> Exercise
The pictures stay out; all of the data is to be printed exactly.

> Data records
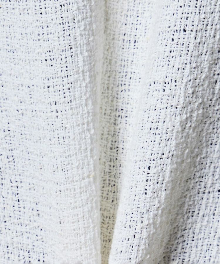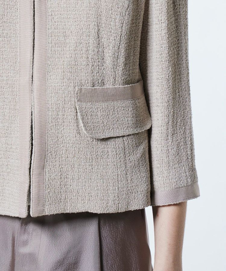 太番手の麻ラミーを使用し、軽やかでドライタッチな着心地が魅力のジャケット。通気性がよく、暑い季節でも快適に羽織れる一着です。首元をすっきりと見せるノーカラーデザインで、抜け感のある印象に。シンプルなデザインだからこそ、ワンピースやフレアスカートとの相性も抜群で、オケージョンシーンにもぴったりです。
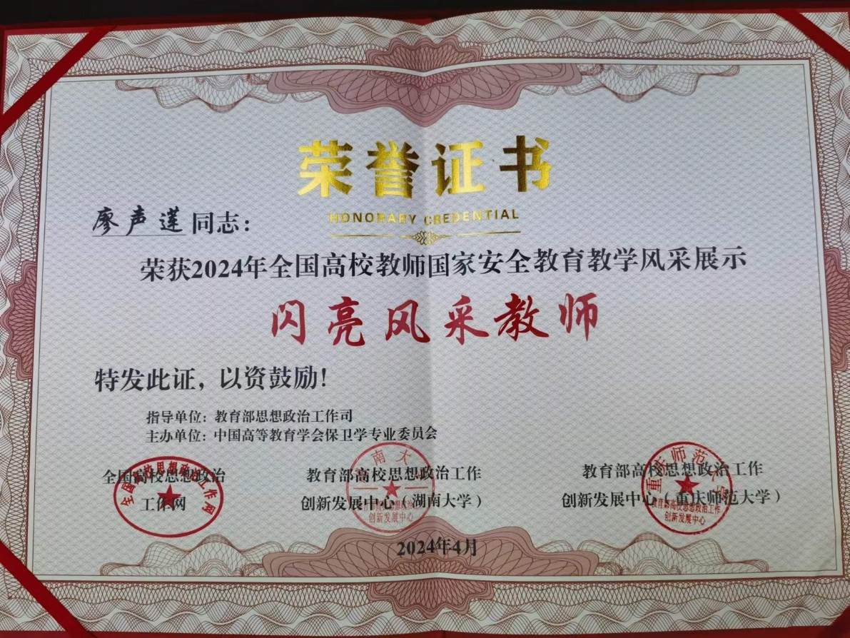 国家安全,人人有责。由教育部思想政治工作司指导,中国高等教育学会保卫学专业委员会、全国高校思想政治工作网、教育部高校思想政治工作创新发展中心(重庆师范大学、湖南大学)联合主办的2024年高校教师国家安全教育教学风采展示活动于2024411日在重庆师范大学进行精彩展示。开元官网马克思主义学院教师廖声莲以“坚持核安全观引领,铸牢国家安全屏障”为授课题目荣获“闪亮风采教师”称号。
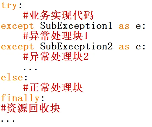 - except块和finally块都是可选的,但except块和finally块至少出现其中之一,也可以同时出现;多个except块必须位于try块之后;
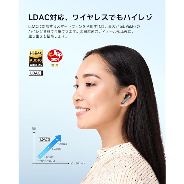 【「VGP2024」金賞受賞、 プロに認められた自信作】EarFun初、高音質コーデック「LDAC」 に対応しました。日本オーディオ協会によるハイレゾ認証も取得しています。CDの約3倍(24bit/96kHz)という情報量、最大990kbpsというビットレートにより、音楽のディテールを生き生きと描写します。ハイレゾ音源本来の音を損ねることなくワイヤレス再生できるEarFun Air2は、音楽を聴く感動を呼び覚まします。注意:LDACモードを利用するために、このコーデックに対応する端末が必要です。iPhoneはLDACモードを利用することはできません。
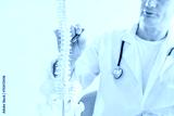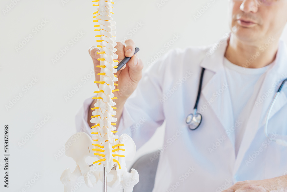 Closeup no face medical male doctor pointing on human spine model with a pen sitting in his office. Spinal healthcare and back pain treatment concept. Selective focus, copy space
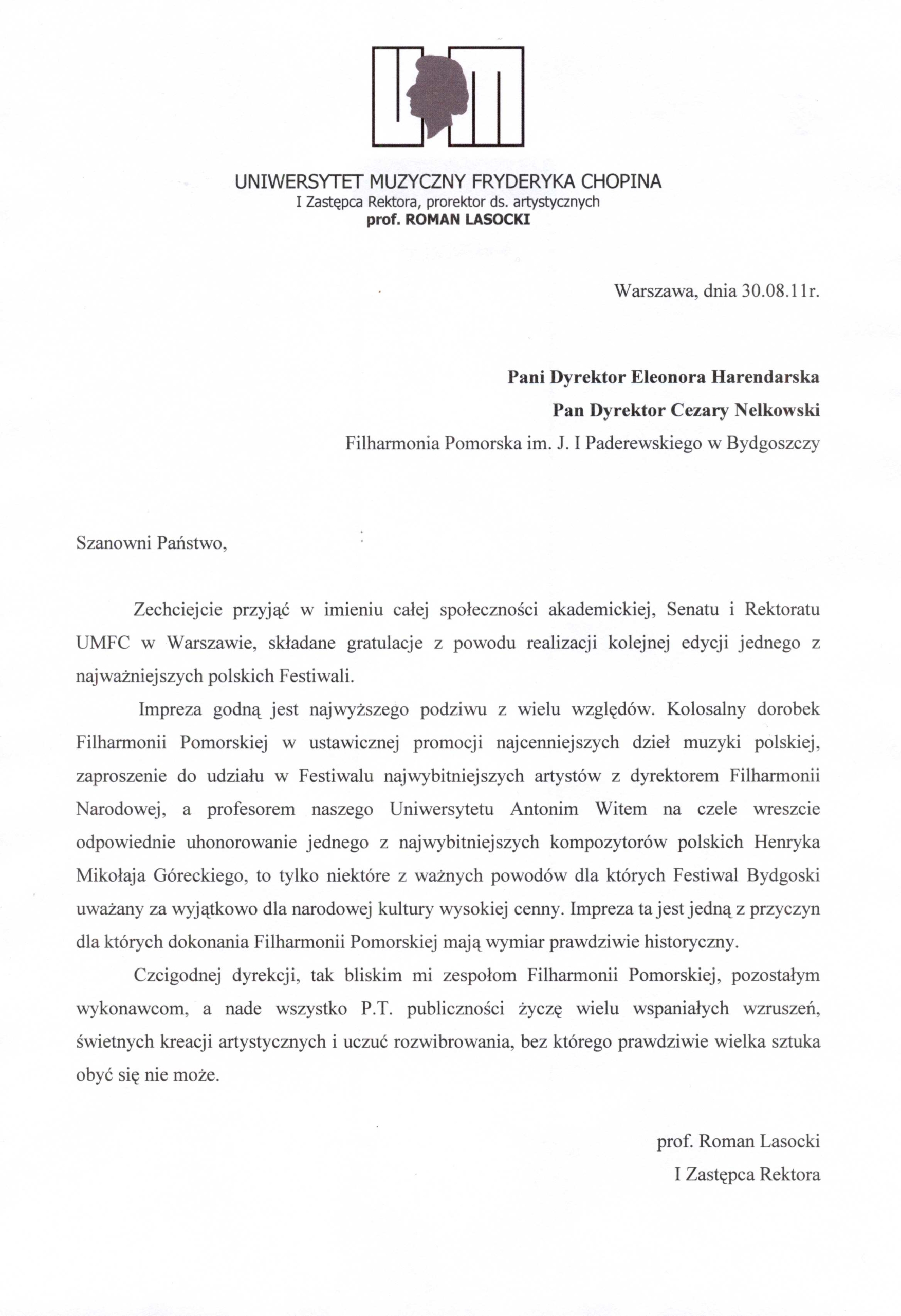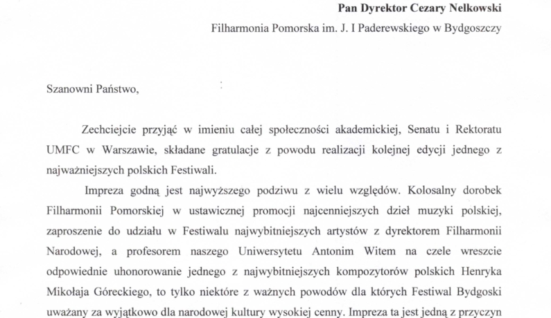 Gratulacje od Uniwersytetu Muzycznego Fryderyka Chopina w Warszawie

> Answer to this task
 太番手の麻ラミーを使用し、軽やかでドライタッチな着心地が魅力のジャケット。通気性がよく、暑い季節でも快適に羽織れる一着です。首元をすっきりと見せるノーカラーデザインで、抜け感のある印象に。シンプルなデザインだからこそ、ワンピースやフレアスカートとの相性も抜群で、オケージョンシーンにもぴったりです。
 国家安全,人人有责。由教育部思想政治工作司指导,中国高等教育学会保卫学专业委员会、全国高校思想政治工作网、教育部高校思想政治工作创新发展中心(重庆师范大学、湖南大学)联合主办的2024年高校教师国家安全教育教学风采展示活动于2024411日在重庆师范大学进行精彩展示。开元官网马克思主义学院教师廖声莲以“坚持核安全观引领,铸牢国家安全屏障”为授课题目荣获“闪亮风采教师”称号。
 - except块和finally块都是可选的,但except块和finally块至少出现其中之一,也可以同时出现;多个except块必须位于try块之后;
 【「VGP2024」金賞受賞、 プロに認められた自信作】EarFun初、高音質コーデック「LDAC」 に対応しました。日本オーディオ協会によるハイレゾ認証も取得しています。CDの約3倍(24bit/96kHz)という情報量、最大990kbpsというビットレートにより、音楽のディテールを生き生きと描写します。ハイレゾ音源本来の音を損ねることなくワイヤレス再生できるEarFun Air2は、音楽を聴く感動を呼び覚まします。注意:LDACモードを利用するために、このコーデックに対応する端末が必要です。iPhoneはLDACモードを利用することはできません。
 Closeup no face medical male doctor pointing on human spine model with a pen sitting in his office. Spinal healthcare and back pain treatment concept. Selective focus, copy space
 Gratulacje od Uniwersytetu Muzycznego Fryderyka Chopina w Warszawie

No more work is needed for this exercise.